Full_url=url+url_values
a = Urllib.request.urlopen (Full_url)
data=a.read ()
Data=data.decode (' UTF-8 ')
print (data)
# #打印出网址:
A.geturl ()
Data is a dictionary, and then the Urllib.parse.urlencode () is used to convert data to a string of ' word=one+peace ', and finally the URL is merged into Full_url
Description of Python regular expressions:
Introduction to Queues
In the crawler program to use the breadth of the priority algorithm, the algorithm used in the data structure, of course, you can use the list to achieve the queue, but the efficiency is not high. Here's a description: There is a queue in the container: Collection.deque
#队列简单测试:
From collections Import Deque
Queue=deque (["Peace", "Rong", "Sisi"])
Queue.append ("Nick")
Queue.append ("Pishi")
Print (Queue.popleft ())
Print (Queue.popleft ())
Print (queue)
Collection Introduction:
In the crawler, in order not to crawl the sites that have been crawled, we need to put the URL of the crawled page into the collection, and see if the collection is already there before we crawl a URL each time. If it already exists, we skip the URL; If it does not exist, we first put the URL into the collection and then climb the page.

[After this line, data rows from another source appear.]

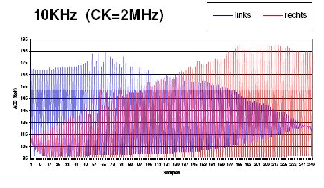 In schneller Folge werden mit einer Rate von insgesamt ca. 40 kHz stets abwechselnd je ein Sample zuerst für den linken Kanal (ADC 0) und dann für den rechten Kanal (ADC 1) als 8-bit-ADC-Wert im RAM gespeichert. Pro Seite sind dies 250 Samples. Die dabei für den einzelnen Kanal zur Verfügung stehende Samplerate von ca. 20 kHz gestattet nach dem sog. Abtasttheorem (Shannon) eine obere Grenzfrequenz von ca. 10 kHz.
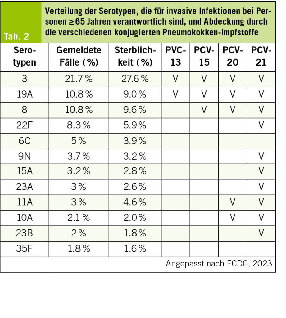 Es wurden über 100 Serotypen von Streptococcus pneumoniae identifiziert, von denen einige mit invasiven Erkrankungen wie Bakteriämien oder Meningitiden in Verbindung gebracht werden. Die Inzidenz und Mortalität invasiver Infektionen mit S. pneumoniae betrifft vor allem Kinder unter 5 Jahren und Erwachsene über 65 Jahren (20). Bei letzteren kann eine Pneumokokkeninfektion zu kardiovaskulären und pulmonalen Komplikationen sowie zu einem Verlust der Selbstständigkeit führen. Pneumokokken-Konjugatimpfstoffe (PCV) wurden entwickelt, um die Immunogenität zu verbessern und die Schutzdauer zu verlängern (21). Im Gegensatz zu Polysaccharid-Impfstoffen verbinden PCV die Polysaccharide mit einem Trägerprotein, wodurch eine Gedächtnisimmunität und Antikörper mit hoher Affinität ermöglicht werden (22). Aufgrund der begrenzten Serotypabdeckung der ersten PCV haben einige Länder weiterhin den 23-valenten Polysaccharid-Impfstoff verwendet, manchmal nach Verabreichung einer Dosis PCV-13. Mit der Einführung von PCV mit höherer Valenz (PCV-15, PCV-20) stehen nun mehr Optionen zur Verfügung. Tab. 2 zeigt die zehn Pneumokokken-Serotypen, die am häufigsten für invasive Infektionen (IIP) bei Personen ≥ 65 Jahren in Europa verantwortlich sind, sowie deren Abdeckung durch PCV gemäss den Daten des Europäischen Zentrums für die Prävention und die Kontrolle von Krankheiten (ECDC).
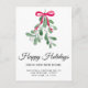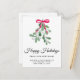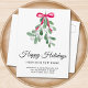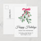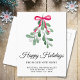 Are you moving to a new home this festive season? This botanical moving announcement postcard lets family and friends know your new address. It is decorated with watercolor mistletoe, red ribbon, and Happy Holidays in stylish script typography.
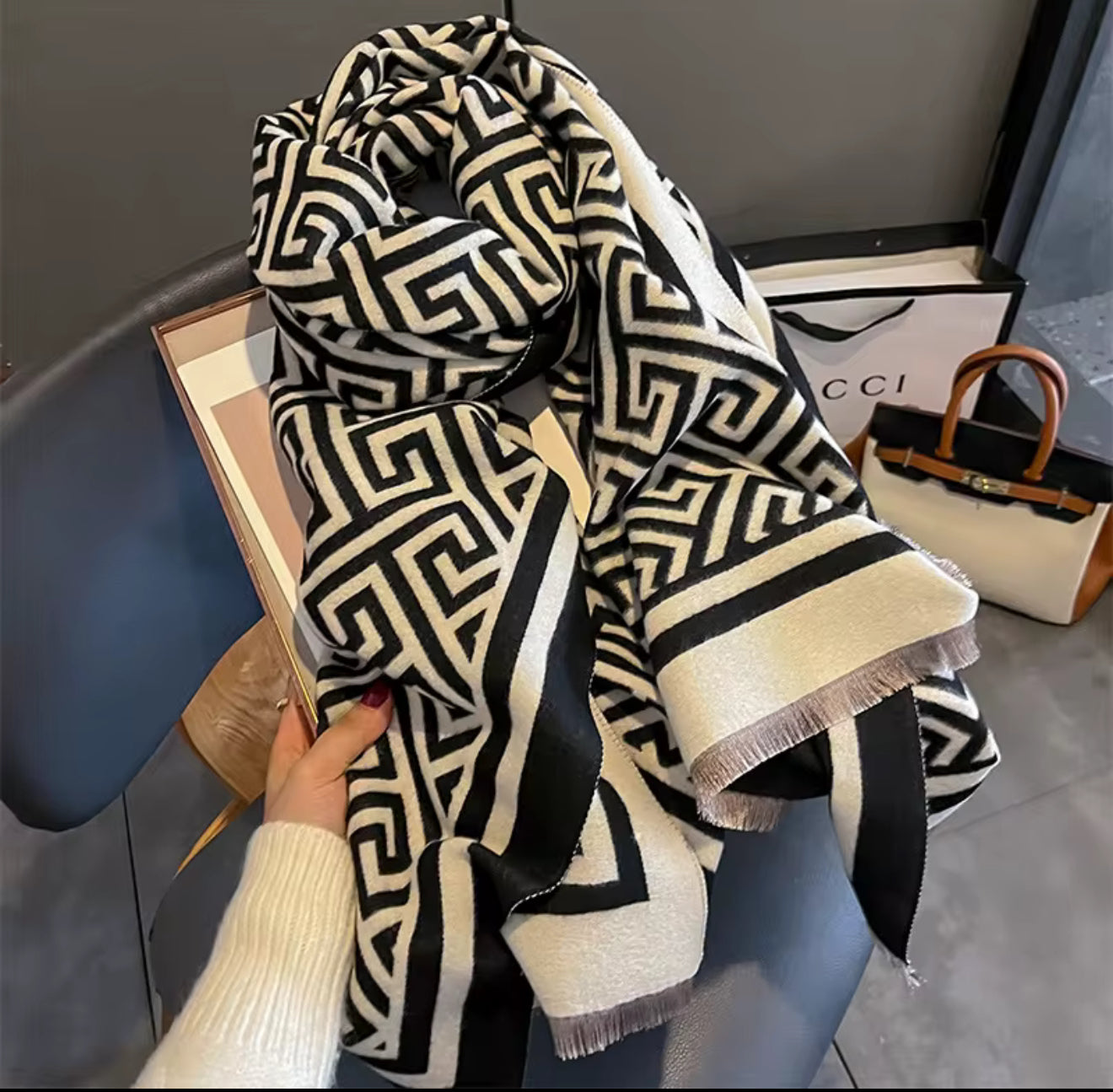 Elevate your everyday style with the Athena Scarf. Woven from a soft cashmere blend, this oversized wrap combines cozy comfort with timeless sophistication. Its bold geometric pattern makes it the perfect accessory to layer for travel, work, or a chic night out.
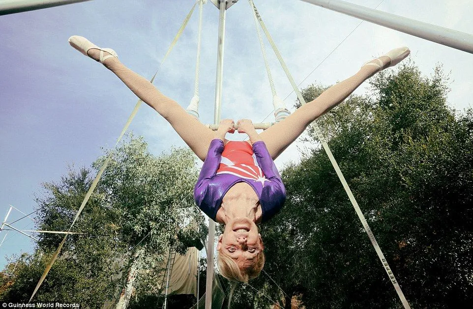 Жінка з Каліфорнії Бетті Гедхарт стала найстаршою повітряною гімнасткою у світі. Зауважимо, що їй скоро виповниться 85 років.
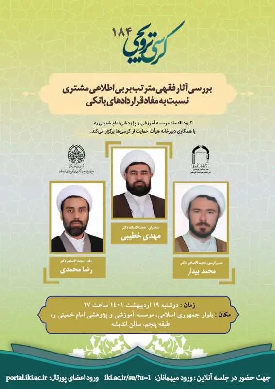 گروه علمی «اقتصاد» مؤسسه آموزشی و پژوهشی امام خمینی (ره) با همکاری دبیرخانه حمایت از کرسی‌ها برگزار می‌کند   موضوع: بررسی آثار فقهی مترتب بر بی‌اطلاعی مشتری نسبت به مفاد قراردادهای بانکی...
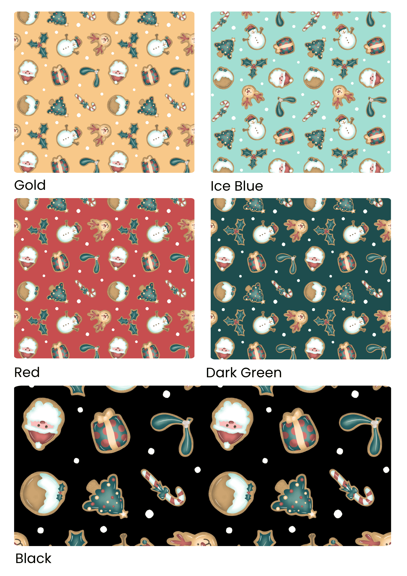 "Gingerbread Joy" is a cheerful seasonal design featuring gingerbread men cookies decorated with icing as Santa, snowmen, and Christmas presents. Offered in five colorways, it's ideal for holiday decor, gift wrapping, crafting, quilting and sewing projects.
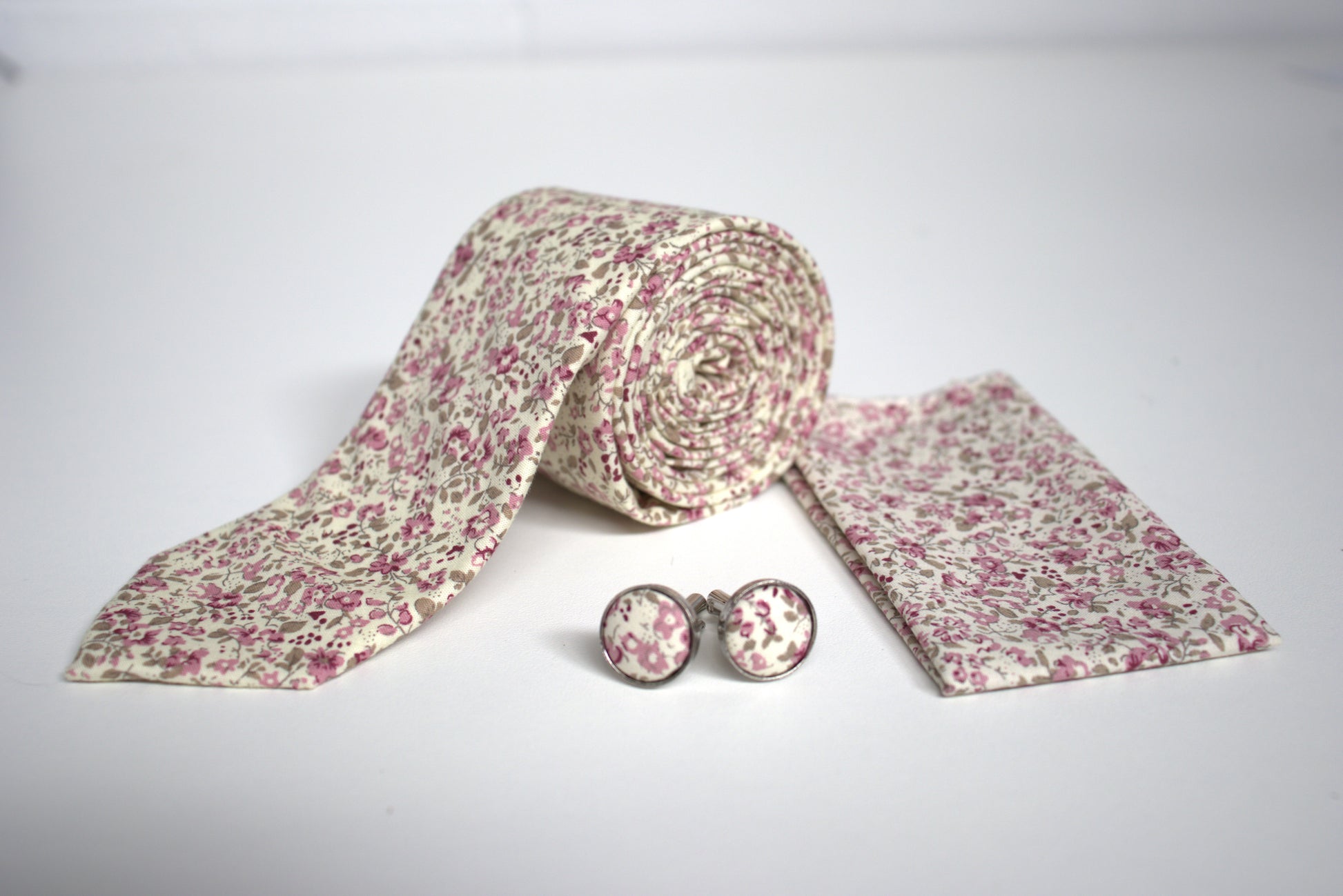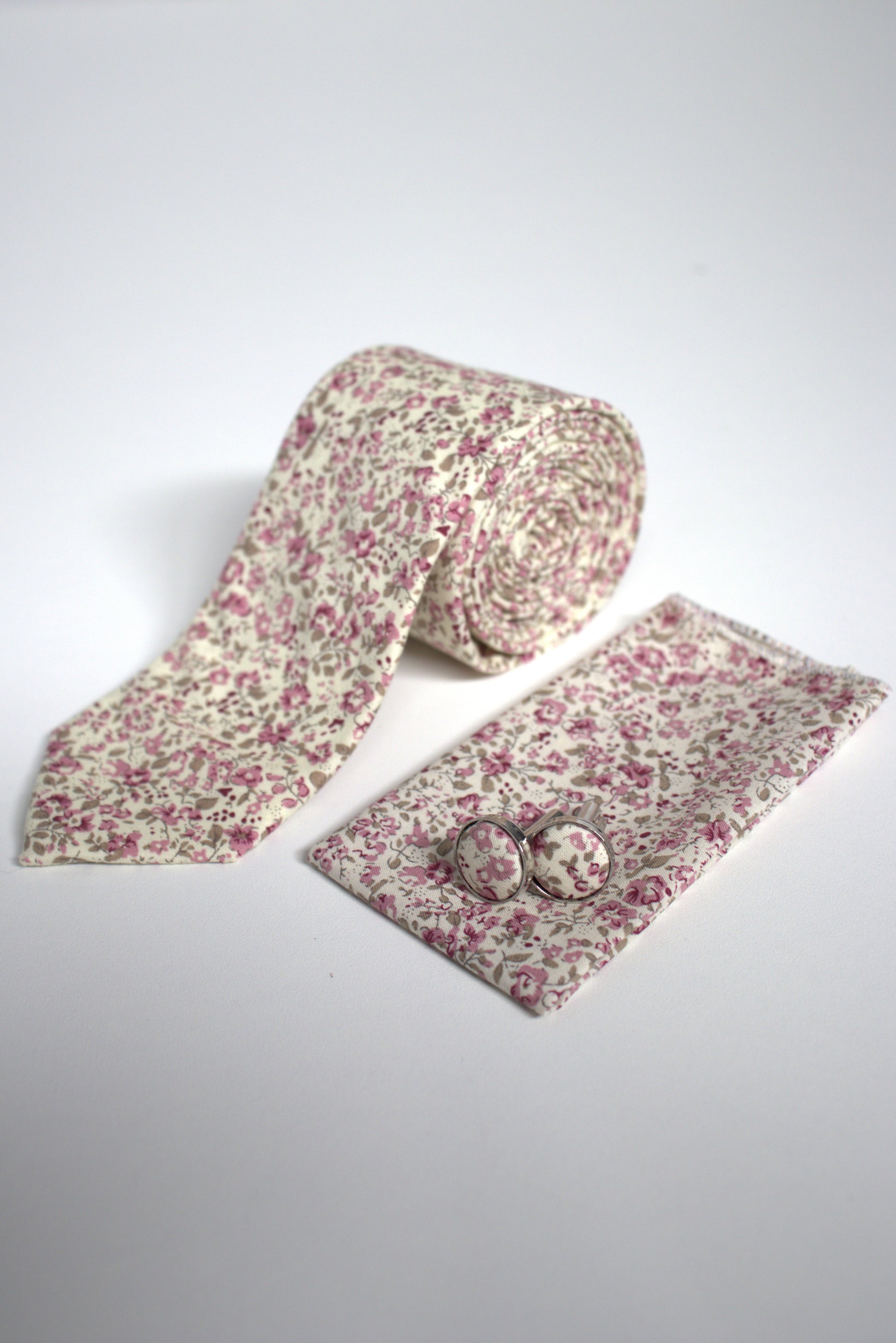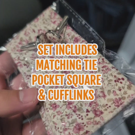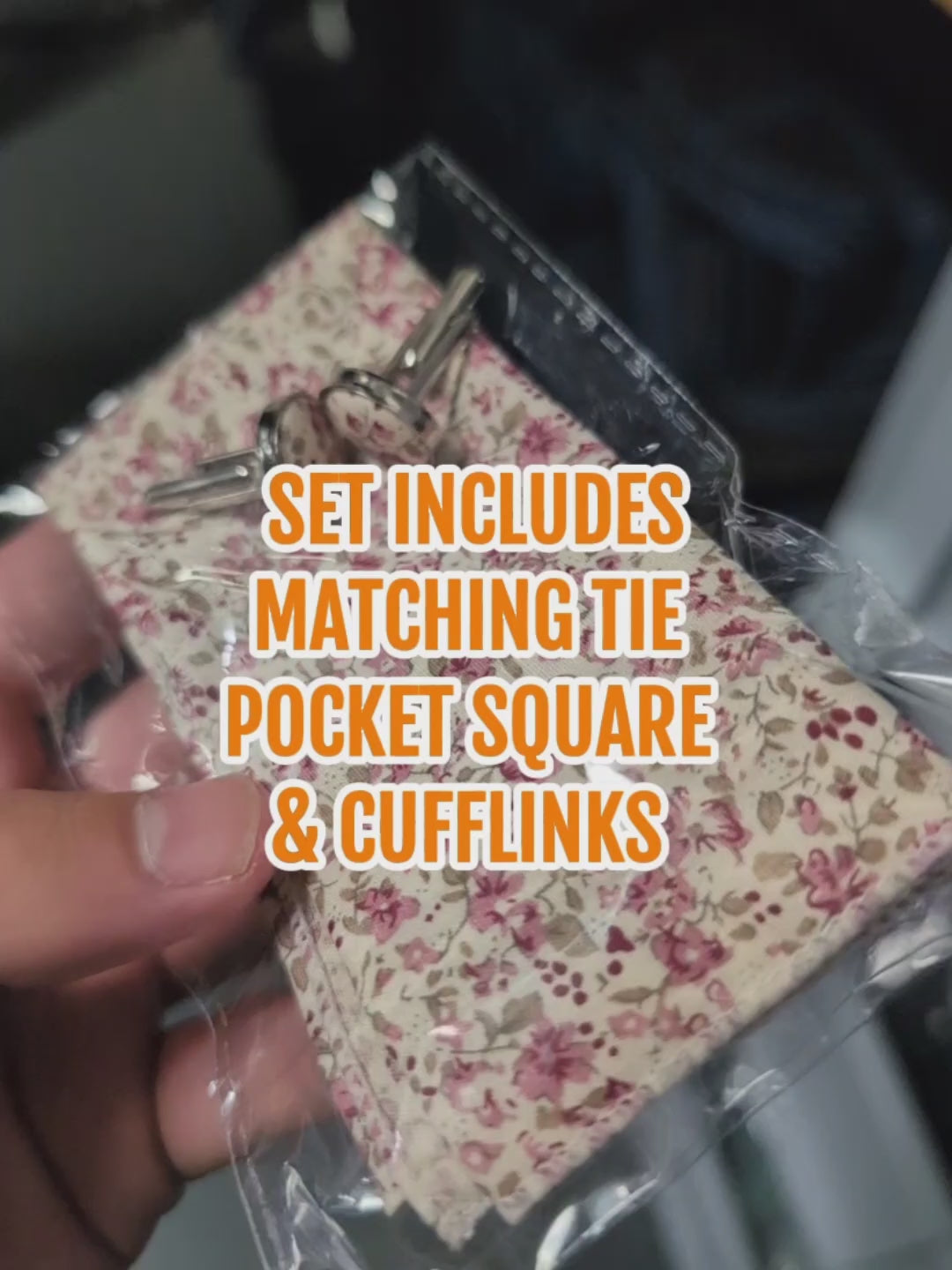 Add a fresh and romantic charm to formalwear with this three-piece accessory pack featuring delicate pink blooms on ivory - perfect for weddings, spring events, and special occasions. The set includes a 100% cotton tie, coordinated pocket square, and matching cufflinks for an effortlessly elegant finish.
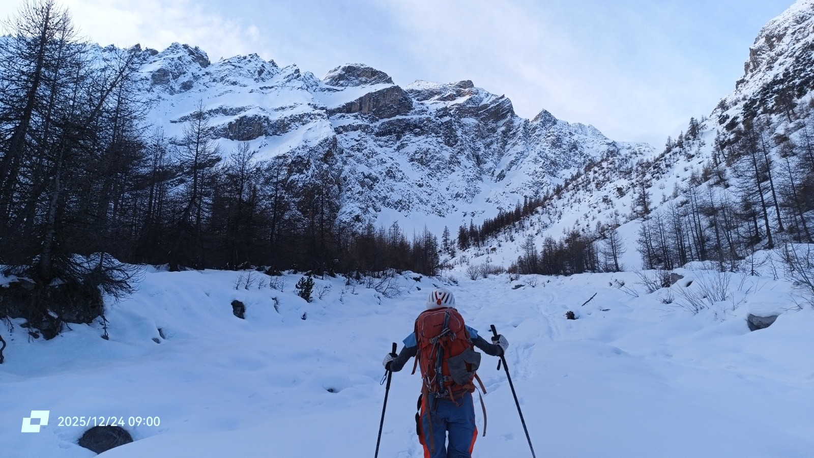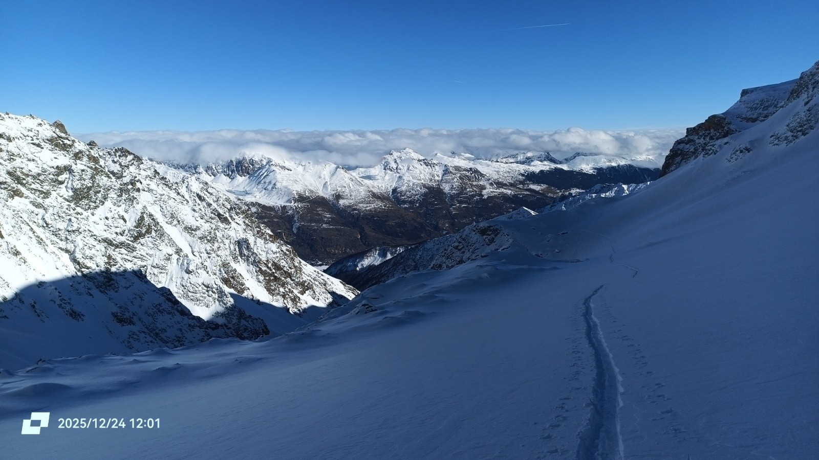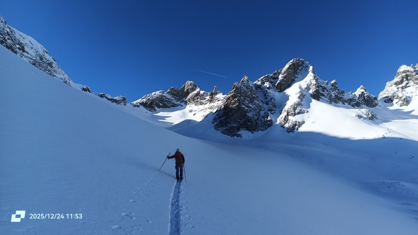 Conditions pour le ski : neige damée par le hors piste de la station jusqu'à 1950, poudre légère dans le vallon. Environ 1m10 à 2700m.
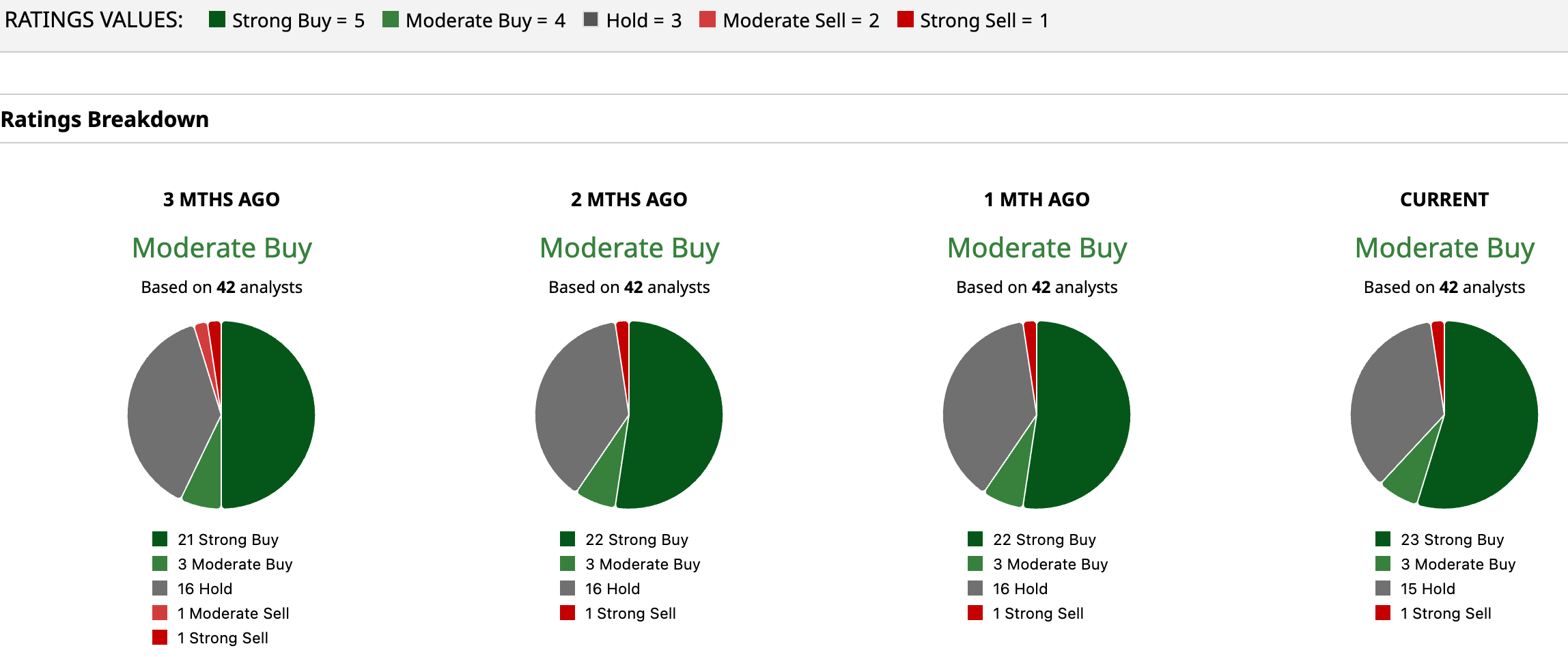 Based on 42 analysts with coverage, AAPL stock has a consensus “Moderate Buy” rating. While 23 analysts have a “Strong Buy” rating for AAPL stock, three analysts have a “Moderate Buy,” and 15 analysts have a “Hold” rating. Among the bears, one analyst has a “Strong Sell” rating.
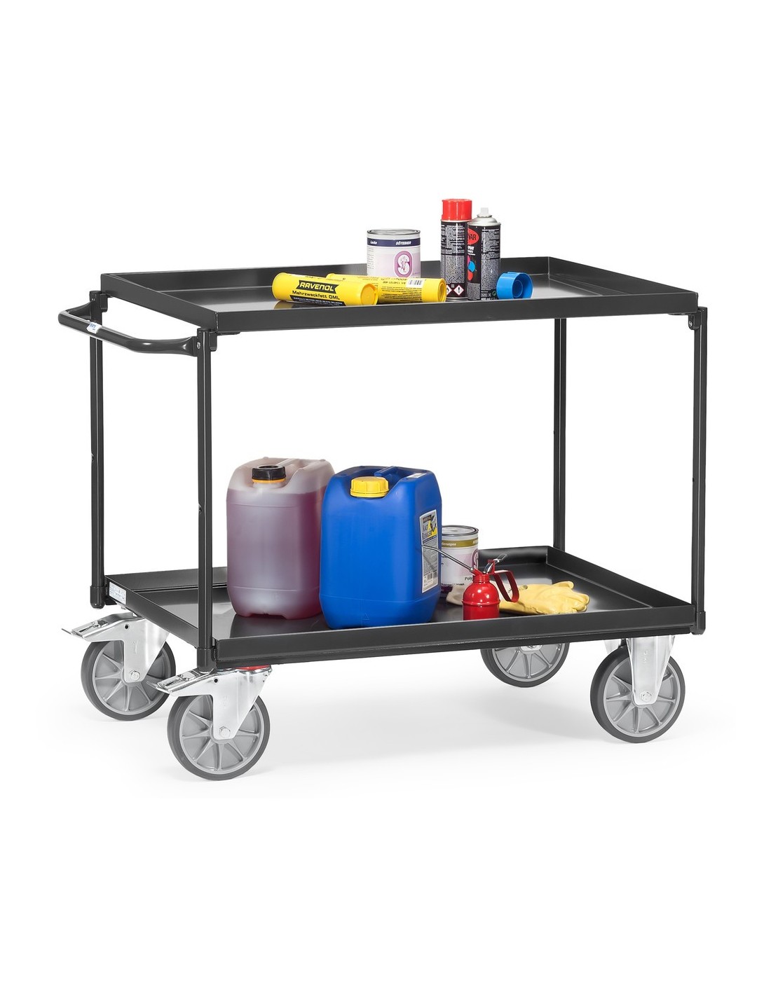 Il carrello da tavolo Fetra è ideale per il trasporto di merci e materiali in magazzini, officine, uffici e altri ambienti di lavoro. Grazie alle ampie superfici di appoggio e alla elevata capacità di carico, rappresenta un supporto pratico nella routine lavorativa quotidiana.

Python also contains a data type--set (collection). A collection is a set of unordered, distinct elements. Basic features include relational testing and eliminating duplicate elements. The collection object also supports mathematical operations such as Union (union), intersection (intersection), difference (difference) and sysmmetric difference (symmetric difference sets).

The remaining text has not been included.